The other thing that’s changed is my understanding of myself as a writer–not just someone who writes, but someone who is interested in the writing profession. When I had that rough sophomore fall, I wasn’t seriously considering what it’d be like to be a paid writer–I was wondering if I had it in my soul to be a writer, if I felt deeply enough, if I trusted myself and had the potential for emotional virtuosity that I thought the great literary writers had. (I was also bent on a ridiculous standard of comparison.) Now I’ve had several paid writing and editing gigs, and I see my writing as something I approach as a professional oftentimes. The writing process is one of deep thought, fiddling and rewriting, organizing and arranging and making countless decisions about word choice and structure. It’s about being a technician with words–and even when the topic is deeply personal or emotional, the writing process itself gives me space and distance to process those feelings without being overwhelmed. The conversations I have with others trying to be writers are about craft, where to submit to, good topics to pick up, blogs to follow–making writing an everyday part of life, managing its emotional side. As I’ve grown into myself as a writer, and started identifying as a writer and not “an aspiring writer” or somesuch, I’ve absolved myself from the requirement that writers be wise or struggling or specially tuned to humanity. In an important sense, writing is just another thing I do–and with that perspective has come a returned sense of play, of the kind of wonder and discovery I’m accustomed to from science. And so much less angst!
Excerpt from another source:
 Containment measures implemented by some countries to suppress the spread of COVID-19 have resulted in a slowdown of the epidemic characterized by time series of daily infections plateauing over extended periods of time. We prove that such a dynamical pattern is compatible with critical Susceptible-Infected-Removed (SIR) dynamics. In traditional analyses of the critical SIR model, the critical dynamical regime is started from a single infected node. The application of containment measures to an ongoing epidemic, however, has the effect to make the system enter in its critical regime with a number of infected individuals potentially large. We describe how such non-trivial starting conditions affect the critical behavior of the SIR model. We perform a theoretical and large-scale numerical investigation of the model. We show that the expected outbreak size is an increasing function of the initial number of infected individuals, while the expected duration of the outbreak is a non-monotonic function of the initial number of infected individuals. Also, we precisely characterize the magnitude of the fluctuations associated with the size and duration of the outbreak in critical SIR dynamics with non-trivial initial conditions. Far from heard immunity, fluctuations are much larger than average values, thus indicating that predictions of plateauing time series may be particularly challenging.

Alongside that–I work with artists at my job now. It’s easy to see that a lot of young artists just don’t take themselves seriously as artists and professionals: they won’t show up, or they won’t be professional in their communication or how they manage things. But I’m also close with a lot of artists who are consummate professionals now, and I’ve heard how the “what you been up to?” conversation goes–the most common answer? “You know, just working.” Most of us who want to be artists (including writers) are doing just that–working a lot, producing a lot, trying to find ways to make it work. No great wisdom about anything. Just muddling through.
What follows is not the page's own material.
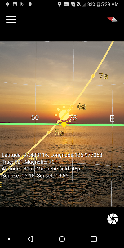 Sunアプリは、ARのようなカメラ画像上に太陽の位置を表示します。

Speaking of getting involved in writing communities, I’m going to start putting up more related blog links and things I’m reading–I do see this blog shifting more towards a discussion of the ground between arts/writing and sciences, and I’m happy with that shift, so I’m going to run with it.

Here’s a fascinating blog I’ve spent the morning reading the backlog from: http://celebrating-science.blogspot.com/. It’s from a writer with a residency at Durham among scientists. Lots interesting there about how writing and science are both driven by the process of asking questions, for a future discussion.